Repost from The Fairfield Daily Republic
A tale of 2 train derailmentsBy Tony Wade | October 18, 2013
At 6:30 am on May 29, 1978, Memorial Day, a thunderous noise that neighbors later described as sounding like an earthquake, nuclear explosion and the end of the world all at once occurred.
I was 14 years old and evidently enjoying my exquisite recurring Lynda Carter dream because I heard absolutely nothing.
The deafening din was the derailment of a Southern Pacific train on the tracks that ran right behind my family’s Davis Drive home. The westbound train had 24 of its 66 cars (each 93 feet long and weighing more than three tons) jump the tracks when the rear wheel assembly on the lead car broke.
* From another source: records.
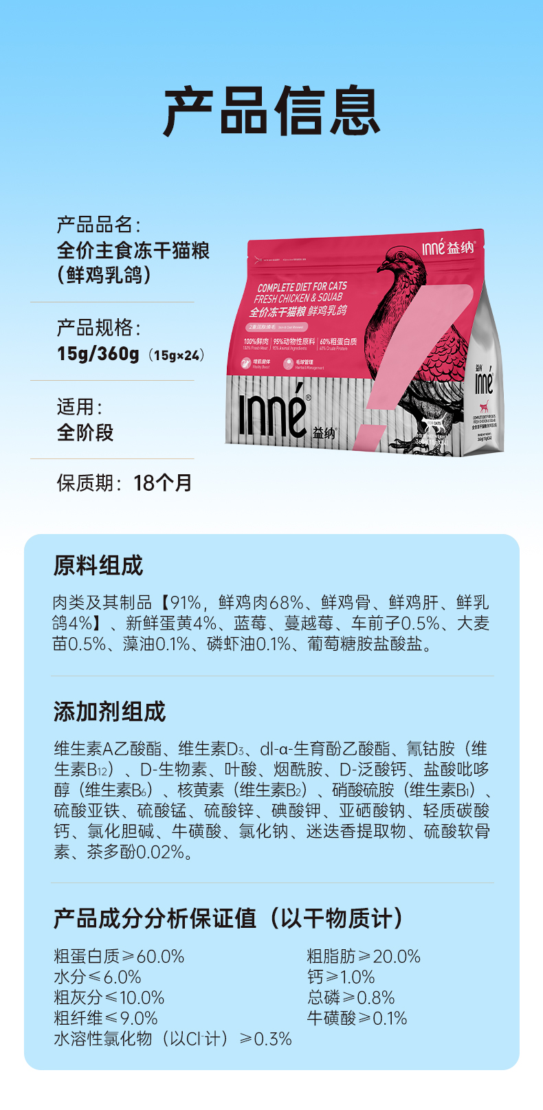 INNE益纳益能系列全价冻干猫粮(15g/包*24)/包
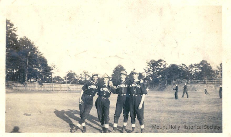 Four men in baseball uniforms on field, with arms around their shoulders; on the photo's back is written "C. Hayes, J. Carpenter, G. Lawing, C. Williams"
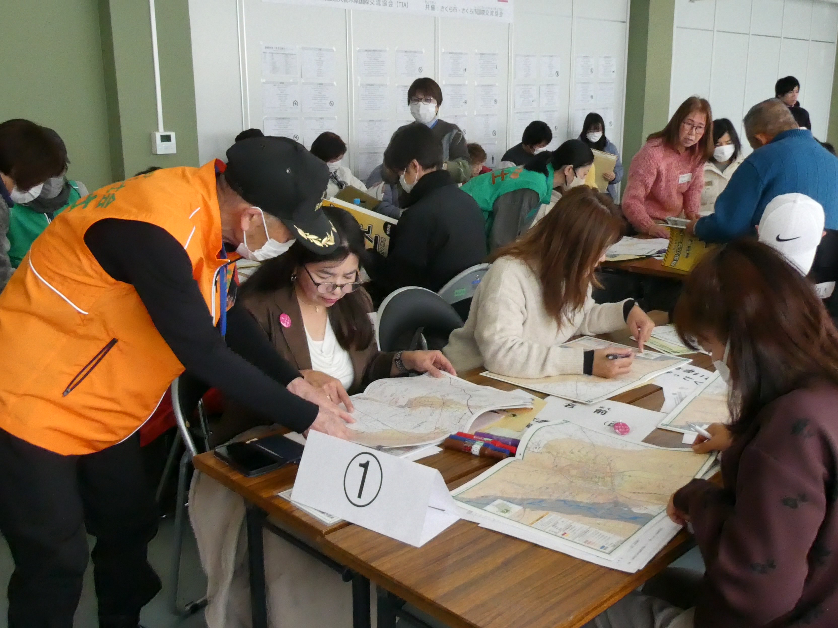 前半は講義形式で、さくら市国際交流協会高瀬会長からさくら市の防災についての講話の後、TIA 職員が日本の災害や避難所について「やさしい日本語」で説明し、TIA 外国人キーパーソンのさくら市在住のグエン・フン・タンさん(ベトナム出身)が、自ら体験した地震や台風などの経験から、参加者たちに日ごろからの防災準備についてのアドバイスをしました。その後、防災士が手伝いながら、ハザードマップを使って参加者が各自、自宅近くの避難所探しも行いました。
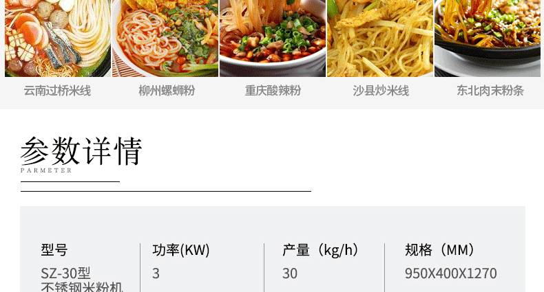SZ-30不銹鋼米粉機,可生產(chǎn)米粉、米線、桂林米粉、過橋米線、年糕、糍粑等產(chǎn)品。各種形狀都可生產(chǎn)(圓、扁),加工食品外表光滑,厚薄、寬窄、粗細均勻可調(diào),筋軟適度,有彈性,口感柔軟、味道純正。

When we looked out over our back fence, there were rail cars and debris scattered everywhere. With houses abutting the tracks on both sides, it was a miracle no one got hurt. It did knock down a power line, which caused both a blackout for more than 2,600 Pacific Gas & Electric Co. customers for more than an hour and sparked a 200-square-foot grass fire.
I have several photos from back then. My favorite is one of me playing basketball against my dad in the backyard and peeking over the fence are the wrecked cars. A couple of days later, my best friend Wayne Thomas and I sneaked inside one of them and rode our bikes down its length.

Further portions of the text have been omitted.